Cai Heng-Xuan, Liang Chen-Chen, Wang Shan-Jie, Guo Jun-Chen, Wang Ye, Yu Bo, Gao Xue-Qin, Fang Shao-Hong
Department of Cardiology, the Second Affiliated Hospital of Harbin Medical University, Harbin, China.
The Key Laboratory of Myocardial Ischemia, Chinese Ministry of Education, Harbin, China.
J Geriatr Cardiol. 2022 Jul 28;19(7):511-521. doi: 10.11909/j.issn.1671-5411.2022.07.003.
It is controversial whether angiotensin-converting enzyme inhibitors or angiotensin receptor blockers (ACEI/ARB) have a potentially beneficial role in the respiratory system. This study investigated the association between ACEI/ARB medications and respiratory-related mortality in hypertensive patients in a real-world nationally representative cohort.
This was a retrospective analysis based on a prospective cohort study. A total of 10,530 patients with hypertension aged ≥ 20 years were included. The data was extracted from the US National Health and Nutrition Examination Survey during 1988-1994 and 1999-2006. The study was approved by the Institutional Review Boards. Moreover, inform concent was taken form all the participants.

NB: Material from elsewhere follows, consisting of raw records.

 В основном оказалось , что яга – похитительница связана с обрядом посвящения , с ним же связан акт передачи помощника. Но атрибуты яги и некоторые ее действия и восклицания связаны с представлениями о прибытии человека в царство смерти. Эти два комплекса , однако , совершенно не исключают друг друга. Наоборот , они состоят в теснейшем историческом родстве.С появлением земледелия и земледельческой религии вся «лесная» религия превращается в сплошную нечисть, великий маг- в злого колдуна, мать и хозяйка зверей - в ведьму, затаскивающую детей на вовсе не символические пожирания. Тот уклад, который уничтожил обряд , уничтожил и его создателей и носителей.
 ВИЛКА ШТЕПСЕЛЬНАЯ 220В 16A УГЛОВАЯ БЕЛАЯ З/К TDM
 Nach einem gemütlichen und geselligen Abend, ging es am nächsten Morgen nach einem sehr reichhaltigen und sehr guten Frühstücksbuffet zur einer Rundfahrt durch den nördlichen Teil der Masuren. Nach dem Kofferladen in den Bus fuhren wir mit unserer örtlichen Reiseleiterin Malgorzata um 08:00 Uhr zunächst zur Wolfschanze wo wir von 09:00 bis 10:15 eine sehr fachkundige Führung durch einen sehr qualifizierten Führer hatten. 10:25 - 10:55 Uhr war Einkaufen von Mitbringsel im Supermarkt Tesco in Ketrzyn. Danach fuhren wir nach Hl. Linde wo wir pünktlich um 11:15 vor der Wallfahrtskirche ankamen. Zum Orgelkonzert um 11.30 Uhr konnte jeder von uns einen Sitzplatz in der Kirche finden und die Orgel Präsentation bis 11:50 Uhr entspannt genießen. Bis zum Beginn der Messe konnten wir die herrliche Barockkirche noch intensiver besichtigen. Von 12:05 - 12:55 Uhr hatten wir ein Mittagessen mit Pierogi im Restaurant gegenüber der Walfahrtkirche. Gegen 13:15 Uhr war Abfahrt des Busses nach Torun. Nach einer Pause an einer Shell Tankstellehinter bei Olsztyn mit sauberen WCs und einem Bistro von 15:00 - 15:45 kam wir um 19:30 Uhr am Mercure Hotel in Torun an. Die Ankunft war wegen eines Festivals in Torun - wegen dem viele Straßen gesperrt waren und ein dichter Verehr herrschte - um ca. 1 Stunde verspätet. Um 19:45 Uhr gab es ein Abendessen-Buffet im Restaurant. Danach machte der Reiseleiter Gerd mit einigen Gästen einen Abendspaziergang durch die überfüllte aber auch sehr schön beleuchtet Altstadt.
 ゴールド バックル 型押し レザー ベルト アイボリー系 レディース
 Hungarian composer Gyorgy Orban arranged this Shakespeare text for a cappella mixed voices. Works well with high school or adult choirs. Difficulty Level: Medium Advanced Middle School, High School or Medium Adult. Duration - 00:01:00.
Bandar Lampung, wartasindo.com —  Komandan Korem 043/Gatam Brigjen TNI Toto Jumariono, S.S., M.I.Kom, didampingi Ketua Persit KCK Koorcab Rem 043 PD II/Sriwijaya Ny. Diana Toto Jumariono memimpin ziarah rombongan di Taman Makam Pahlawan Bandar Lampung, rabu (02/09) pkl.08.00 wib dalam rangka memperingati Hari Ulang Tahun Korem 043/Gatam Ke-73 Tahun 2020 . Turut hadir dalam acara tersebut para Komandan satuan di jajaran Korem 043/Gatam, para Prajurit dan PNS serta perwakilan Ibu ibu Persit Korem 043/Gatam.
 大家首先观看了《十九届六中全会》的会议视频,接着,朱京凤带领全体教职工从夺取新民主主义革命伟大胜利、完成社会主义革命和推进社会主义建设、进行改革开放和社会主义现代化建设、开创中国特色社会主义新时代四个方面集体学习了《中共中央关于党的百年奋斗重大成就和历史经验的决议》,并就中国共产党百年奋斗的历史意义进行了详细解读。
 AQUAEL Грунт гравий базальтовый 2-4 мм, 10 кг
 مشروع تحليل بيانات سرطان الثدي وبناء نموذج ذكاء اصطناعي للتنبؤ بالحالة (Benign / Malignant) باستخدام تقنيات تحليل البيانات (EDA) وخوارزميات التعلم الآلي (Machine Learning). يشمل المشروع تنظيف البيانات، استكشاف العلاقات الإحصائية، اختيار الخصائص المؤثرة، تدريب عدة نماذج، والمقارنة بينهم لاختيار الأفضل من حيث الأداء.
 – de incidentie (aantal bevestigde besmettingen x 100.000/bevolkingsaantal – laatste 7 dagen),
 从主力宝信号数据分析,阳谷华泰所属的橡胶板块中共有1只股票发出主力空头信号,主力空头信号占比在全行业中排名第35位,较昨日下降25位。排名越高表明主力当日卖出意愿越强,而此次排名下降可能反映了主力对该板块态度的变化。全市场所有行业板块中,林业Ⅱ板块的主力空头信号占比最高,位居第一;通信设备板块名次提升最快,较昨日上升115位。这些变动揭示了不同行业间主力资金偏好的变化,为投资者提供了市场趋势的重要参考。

Overall, 27.7% ( = 2920) patients took ACEI/ARB agents. During a median follow-up of 12.4 years, 278 individuals died of respiratory disease, including chronic lower respiratory disease ( = 155) and influenza or pneumonia ( = 123). Compared with the patients without ACEI/ARB use, those taking ACEI/ARB were not associated with respiratory-specific mortality in a multivariable-adjusted Cox model. After 1: 1 matching, taking ACEI/ARB was also not related to respiratory mortality (Hazard ratio (HR) = 1.07, 95% CI: 0.79-1.43), influenza- or pneumonia-related (HR = 1.00, 95% CI: 0.65-1.54) and chronic pulmonary mortality (HR = 1.13, 95% CI: 0.75-1.69). After separating ACEI and ARB from anti-hypertensive medications, those associations remained unchanged.
We discovered no significant link between ACEI or ARB medication and pulmonary-related mortality in hypertensive patients. In hypertensive patients, standard ACEI/ARB administration may have little effect on the respiratory system.
血管紧张素转换酶抑制剂或血管紧张素受体阻滞剂(ACEI/ARB)在呼吸系统中是否具有潜在的有益作用存在争议。本研究在一个具有全国代表性的真实世界队列中调查了高血压患者使用ACEI/ARB药物与呼吸系统相关死亡率之间的关联。
这是一项基于前瞻性队列研究的回顾性分析。共纳入10530例年龄≥20岁的高血压患者。数据取自1988 - 1994年和1999 - 2006年的美国国家健康和营养检查调查。该研究获得了机构审查委员会的批准。此外,所有参与者均签署了知情同意书。
总体而言,27.7%(n = 2920)的患者服用ACEI/ARB药物。在中位随访12.4年期间,278人死于呼吸系统疾病,包括慢性下呼吸道疾病(n = 155)和流感或肺炎(n = 123)。在多变量调整的Cox模型中,与未使用ACEI/ARB的患者相比,使用ACEI/ARB的患者与呼吸系统特异性死亡率无关。在1:1匹配后,使用ACEI/ARB也与呼吸死亡率(风险比(HR)= 1.07,95%置信区间:0.79 - 1.43)、流感或肺炎相关死亡率(HR = 1.00,95%置信区间:0.65 - 1.54)以及慢性肺部疾病死亡率(HR = 1.13,95%置信区间:0.75 - 1.69)无关。在将ACEI和ARB与抗高血压药物分开后,这些关联仍然不变。
我们发现高血压患者使用ACEI或ARB药物与肺部相关死亡率之间没有显著联系。在高血压患者中,标准的ACEI/ARB给药可能对呼吸系统影响很小。